* TRY IT *
Exactly the lines below, starting with the one containing "Diese LED-Leuchtstoffröhre ist" and going on through the one containing "The Haas Diamond", must be reproduced, both ends included, and no pictures with them.

*** Opening DATASET CONTENT ***

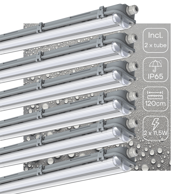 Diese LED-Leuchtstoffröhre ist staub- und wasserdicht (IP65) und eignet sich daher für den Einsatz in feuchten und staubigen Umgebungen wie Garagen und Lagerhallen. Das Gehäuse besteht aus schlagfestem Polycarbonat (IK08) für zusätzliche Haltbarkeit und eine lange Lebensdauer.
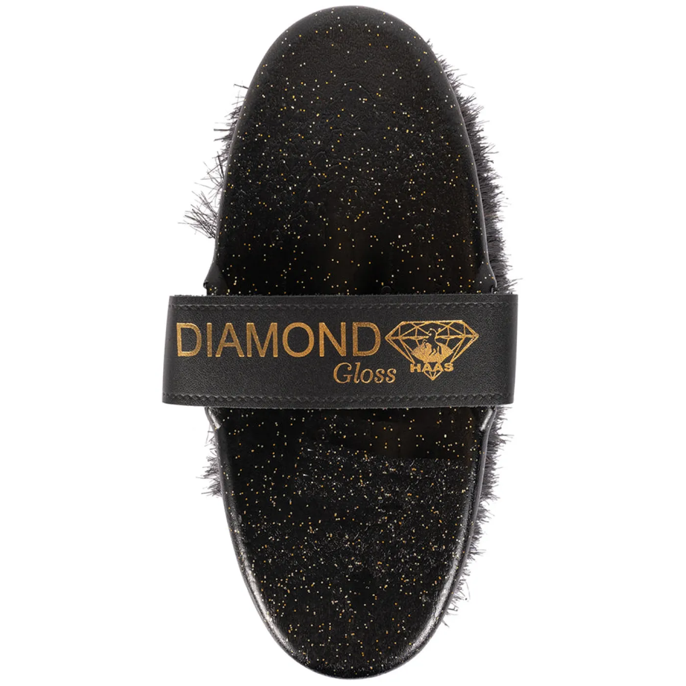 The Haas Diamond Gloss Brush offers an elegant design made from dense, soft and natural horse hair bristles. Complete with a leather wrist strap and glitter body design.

*** Closing DATASET CONTENT ***
*** Opening DATASET CONTENT ***

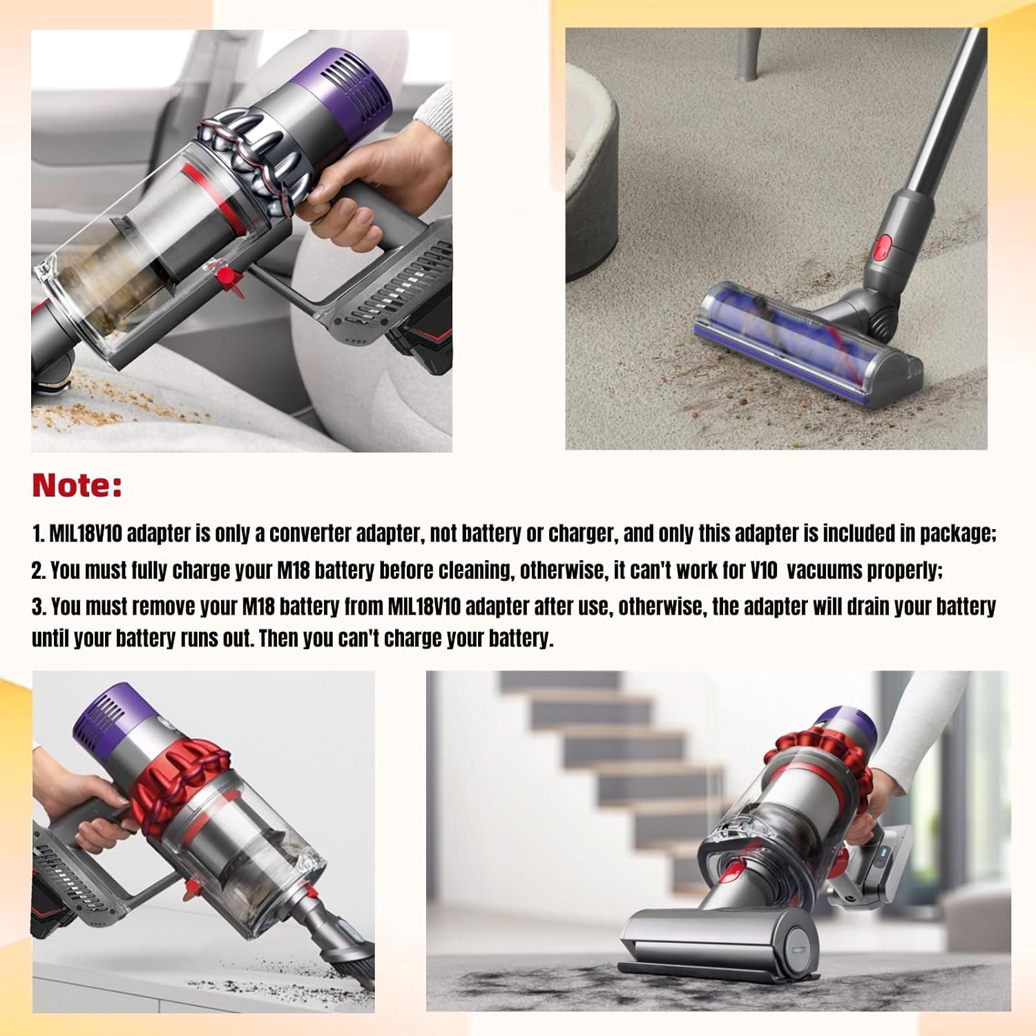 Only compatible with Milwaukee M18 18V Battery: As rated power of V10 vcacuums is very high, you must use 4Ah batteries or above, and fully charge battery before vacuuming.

*** Closing DATASET CONTENT ***

* ANSWER TO THIS PROBLEM *
 Diese LED-Leuchtstoffröhre ist staub- und wasserdicht (IP65) und eignet sich daher für den Einsatz in feuchten und staubigen Umgebungen wie Garagen und Lagerhallen. Das Gehäuse besteht aus schlagfestem Polycarbonat (IK08) für zusätzliche Haltbarkeit und eine lange Lebensdauer.
 The Haas Diamond Gloss Brush offers an elegant design made from dense, soft and natural horse hair bristles. Complete with a leather wrist strap and glitter body design.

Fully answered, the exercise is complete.